The analogy points to a broader operational risk: overreliance without oversight can degrade both output quality and individual competence.
This concern is echoed across the research and policy landscape. Vivienne Ming, chief scientist at the Possibility Institute, has warned that AI adoption is producing a growing cognitive divide, where a minority of users leverage it to sharpen their reasoning while a larger group becomes dependent on it for thinking. Over time, she argues, that imbalance could erode critical thinking skills at scale.
Innovation theorist John Nosta frames the issue as a reversal of the traditional learning process. By delivering fully formed answers instantly, AI tools can bypass the questioning and synthesis stages that underpin expertise. Meanwhile, Rebecca Hinds has described the phenomenon as an “illusion of expertise,” where users appear more capable than they actually are because the system is compensating for gaps in knowledge.
Cuban’s intervention brings those abstract concerns into sharper focus for the labor market. He argues that the real risk is not that AI will replace entire professions, but that it will hollow out roles built around repetitive or low-complexity tasks.
“If all you’re doing is reformatting, you know, or you’re answering a question yes or no, then you know you’re there’s a good chance you’re going to be replaced by AI,” he said.
That aligns with broader hiring trends. Employers are increasingly prioritizing workers who can combine domain knowledge with AI fluency, using tools to test assumptions, model outcomes, and synthesize information, rather than those who simply execute predefined tasks. The result is a shift in what constitutes productivity: speed alone is no longer enough; depth of understanding and judgment are becoming more valuable.
Cuban emphasized that AI’s limitations reinforce this shift. While models can process vast amounts of data and generate responses quickly, they lack contextual awareness and accountability.
“If you learn how to use these tools, and you know how to think critically, you’re curious, so you’re always learning, you’re always going to have a job because AI doesn’t know the consequences of its action,” he said.
That distinction between output and understanding is likely to define career trajectories in the coming years. Workers who treat AI as a cognitive partner, using it to explore ideas, challenge conclusions, and deepen expertise, stand to benefit from significant productivity gains. Those who rely on it as a substitute for thinking may find their roles increasingly commoditized.

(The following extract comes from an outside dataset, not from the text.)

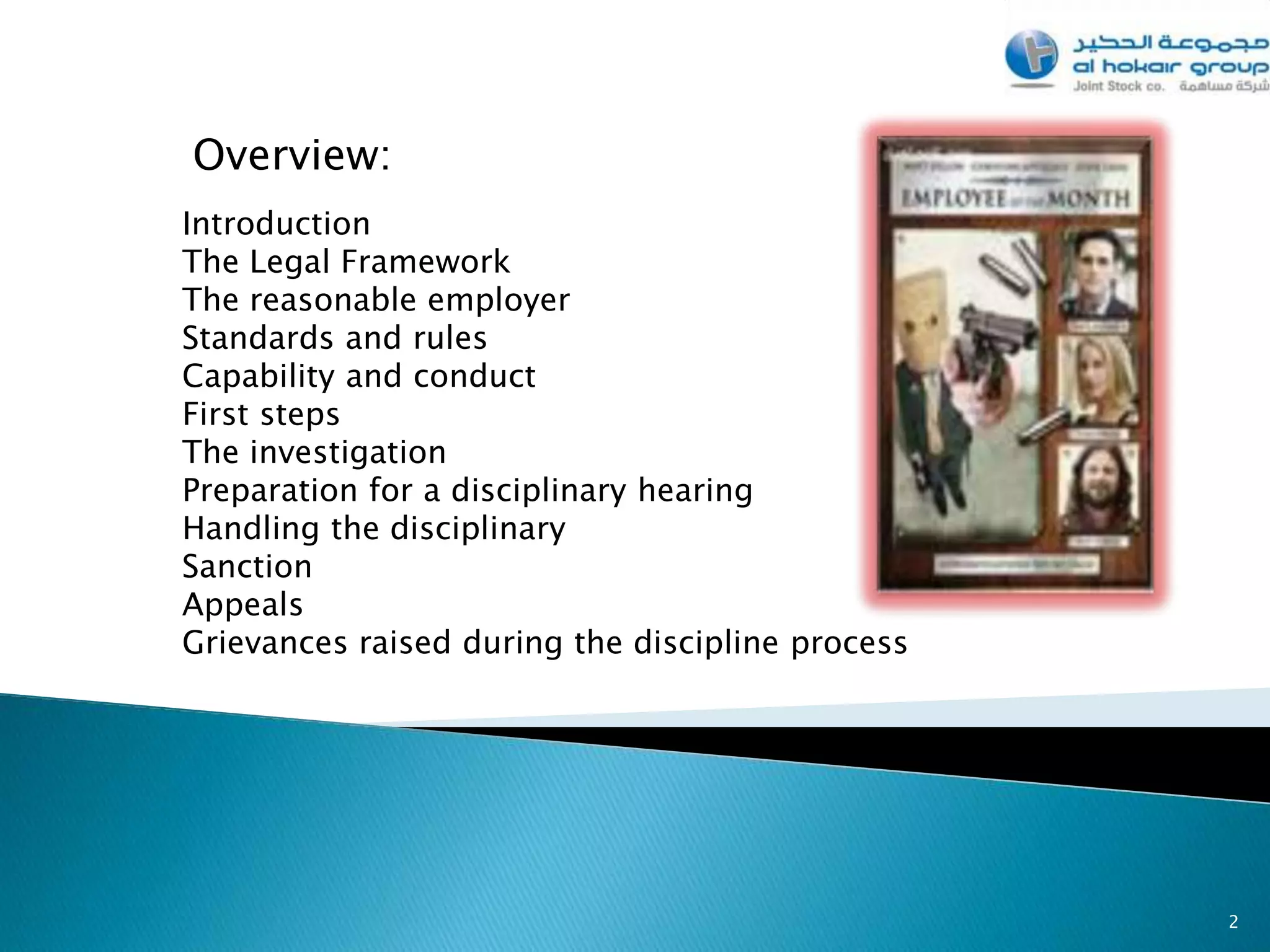 The document discusses the importance of establishing clear standards of conduct and performance for employees. It notes that standards must be specific, measurable, achievable, realistic and time-bound. It provides an example where a manager's communication of standards to an employee about attendance was unclear, leading to misunderstanding. The key points are that standards must be clearly defined and communicated to all staff to set expectations and reduce disciplinary issues. Vague expectations will lead to problems.

There are also implications for organizations. As AI tools become ubiquitous, the competitive advantage shifts from access to capability. Companies will need to invest not just in deploying AI systems, but in training employees to use them effectively. Failure to do so could lead to uneven performance within teams, where a subset of workers drives disproportionate value.
Cuban concluded, noting that AI, in his view, is neither a universal threat nor a guaranteed opportunity. It is an amplifier.
“Those people who are curious and just want to keep on learning more, AI is phenomenal. You will always have an edge over everybody around you,” he said.
As adoption deepens, that edge may become the defining feature of the modern workforce—separating those who evolve with the technology from those who are overtaken by it.